Problem to work on
Search the data below for the word "written" and report how many lines contain it, with no added words.

Data under study
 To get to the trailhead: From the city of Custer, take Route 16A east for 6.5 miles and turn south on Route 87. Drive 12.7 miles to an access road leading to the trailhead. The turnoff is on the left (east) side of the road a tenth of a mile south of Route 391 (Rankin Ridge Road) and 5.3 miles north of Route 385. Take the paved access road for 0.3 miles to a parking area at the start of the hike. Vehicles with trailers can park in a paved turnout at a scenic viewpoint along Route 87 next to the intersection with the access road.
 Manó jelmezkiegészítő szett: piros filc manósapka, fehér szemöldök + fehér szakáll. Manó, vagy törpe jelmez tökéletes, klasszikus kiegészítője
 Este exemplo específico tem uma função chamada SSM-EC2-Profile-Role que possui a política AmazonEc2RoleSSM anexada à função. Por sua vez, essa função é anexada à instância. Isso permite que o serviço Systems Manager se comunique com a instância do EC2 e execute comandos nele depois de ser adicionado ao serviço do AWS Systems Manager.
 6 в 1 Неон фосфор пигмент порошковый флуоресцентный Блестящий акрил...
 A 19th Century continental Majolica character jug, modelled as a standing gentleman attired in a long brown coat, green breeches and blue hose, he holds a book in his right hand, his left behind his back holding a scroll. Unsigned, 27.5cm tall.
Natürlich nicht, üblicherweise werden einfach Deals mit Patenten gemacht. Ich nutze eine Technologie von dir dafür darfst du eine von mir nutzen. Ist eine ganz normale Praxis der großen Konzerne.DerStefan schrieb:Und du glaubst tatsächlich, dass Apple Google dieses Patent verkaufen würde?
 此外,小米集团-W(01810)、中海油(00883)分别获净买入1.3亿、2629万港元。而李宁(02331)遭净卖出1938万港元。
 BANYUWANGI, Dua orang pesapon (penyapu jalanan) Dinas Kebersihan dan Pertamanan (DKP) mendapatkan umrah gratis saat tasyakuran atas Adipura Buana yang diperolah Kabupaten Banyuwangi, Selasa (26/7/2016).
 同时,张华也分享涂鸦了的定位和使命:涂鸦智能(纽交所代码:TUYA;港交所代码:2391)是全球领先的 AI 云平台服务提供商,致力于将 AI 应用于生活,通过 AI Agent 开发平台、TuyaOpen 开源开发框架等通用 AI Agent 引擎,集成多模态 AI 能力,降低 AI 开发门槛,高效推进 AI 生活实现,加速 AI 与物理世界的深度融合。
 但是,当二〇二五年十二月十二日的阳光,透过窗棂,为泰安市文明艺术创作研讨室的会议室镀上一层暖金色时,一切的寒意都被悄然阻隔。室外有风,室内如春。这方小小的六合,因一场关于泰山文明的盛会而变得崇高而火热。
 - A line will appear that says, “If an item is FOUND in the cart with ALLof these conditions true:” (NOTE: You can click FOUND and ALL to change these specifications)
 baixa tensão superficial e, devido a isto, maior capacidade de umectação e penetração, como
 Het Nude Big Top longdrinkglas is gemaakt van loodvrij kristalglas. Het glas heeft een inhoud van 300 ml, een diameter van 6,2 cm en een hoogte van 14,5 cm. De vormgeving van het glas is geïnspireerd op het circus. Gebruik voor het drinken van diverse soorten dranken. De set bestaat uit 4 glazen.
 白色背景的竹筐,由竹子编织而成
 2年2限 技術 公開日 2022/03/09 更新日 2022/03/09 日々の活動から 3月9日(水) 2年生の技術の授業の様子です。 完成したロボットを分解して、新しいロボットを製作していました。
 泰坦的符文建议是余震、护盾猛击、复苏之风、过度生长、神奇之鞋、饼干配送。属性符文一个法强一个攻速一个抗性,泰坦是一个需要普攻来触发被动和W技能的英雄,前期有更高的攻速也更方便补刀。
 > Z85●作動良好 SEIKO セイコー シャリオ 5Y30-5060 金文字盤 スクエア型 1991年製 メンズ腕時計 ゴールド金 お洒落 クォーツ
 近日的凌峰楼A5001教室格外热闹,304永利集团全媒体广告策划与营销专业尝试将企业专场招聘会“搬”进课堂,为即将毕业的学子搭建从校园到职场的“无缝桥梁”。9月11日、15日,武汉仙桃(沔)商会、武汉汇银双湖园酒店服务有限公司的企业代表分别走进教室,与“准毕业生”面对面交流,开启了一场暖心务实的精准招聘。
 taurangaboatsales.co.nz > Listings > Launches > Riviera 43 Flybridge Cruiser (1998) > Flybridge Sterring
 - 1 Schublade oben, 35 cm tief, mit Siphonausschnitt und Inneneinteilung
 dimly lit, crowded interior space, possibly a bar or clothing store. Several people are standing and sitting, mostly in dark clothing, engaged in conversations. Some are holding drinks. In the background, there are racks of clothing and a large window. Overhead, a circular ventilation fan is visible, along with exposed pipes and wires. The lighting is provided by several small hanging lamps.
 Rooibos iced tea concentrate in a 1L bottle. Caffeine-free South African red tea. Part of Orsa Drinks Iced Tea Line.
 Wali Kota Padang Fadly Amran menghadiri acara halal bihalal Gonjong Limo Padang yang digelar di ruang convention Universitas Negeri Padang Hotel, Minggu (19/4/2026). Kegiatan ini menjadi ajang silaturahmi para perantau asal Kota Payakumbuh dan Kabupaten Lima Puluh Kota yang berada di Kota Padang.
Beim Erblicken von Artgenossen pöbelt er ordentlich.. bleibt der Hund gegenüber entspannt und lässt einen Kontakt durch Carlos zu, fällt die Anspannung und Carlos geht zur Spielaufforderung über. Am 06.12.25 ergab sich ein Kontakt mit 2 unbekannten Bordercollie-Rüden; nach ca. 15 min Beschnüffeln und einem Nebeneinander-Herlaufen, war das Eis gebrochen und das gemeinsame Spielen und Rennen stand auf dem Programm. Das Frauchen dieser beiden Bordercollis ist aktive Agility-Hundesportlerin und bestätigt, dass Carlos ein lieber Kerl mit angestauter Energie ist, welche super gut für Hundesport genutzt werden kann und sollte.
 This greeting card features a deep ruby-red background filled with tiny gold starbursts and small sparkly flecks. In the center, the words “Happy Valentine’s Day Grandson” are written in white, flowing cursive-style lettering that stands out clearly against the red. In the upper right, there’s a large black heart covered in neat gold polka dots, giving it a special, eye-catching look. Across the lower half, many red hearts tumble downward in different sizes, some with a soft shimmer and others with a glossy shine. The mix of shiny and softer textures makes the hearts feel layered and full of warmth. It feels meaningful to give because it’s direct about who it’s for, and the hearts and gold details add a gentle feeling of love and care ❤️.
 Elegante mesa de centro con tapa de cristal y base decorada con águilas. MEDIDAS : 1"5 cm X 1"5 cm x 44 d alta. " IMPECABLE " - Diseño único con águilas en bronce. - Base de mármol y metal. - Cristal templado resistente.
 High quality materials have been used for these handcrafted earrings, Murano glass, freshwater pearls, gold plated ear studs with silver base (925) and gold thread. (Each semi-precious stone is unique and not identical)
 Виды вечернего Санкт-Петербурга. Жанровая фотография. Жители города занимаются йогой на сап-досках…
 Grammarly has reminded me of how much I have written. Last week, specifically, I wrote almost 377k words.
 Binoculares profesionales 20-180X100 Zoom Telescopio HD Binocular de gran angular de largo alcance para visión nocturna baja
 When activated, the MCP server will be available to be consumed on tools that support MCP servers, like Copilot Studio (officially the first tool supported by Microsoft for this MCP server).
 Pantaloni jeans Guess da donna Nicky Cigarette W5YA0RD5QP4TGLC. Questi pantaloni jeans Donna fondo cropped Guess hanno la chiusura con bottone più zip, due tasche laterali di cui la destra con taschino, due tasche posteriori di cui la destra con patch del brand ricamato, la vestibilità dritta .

Answer space
2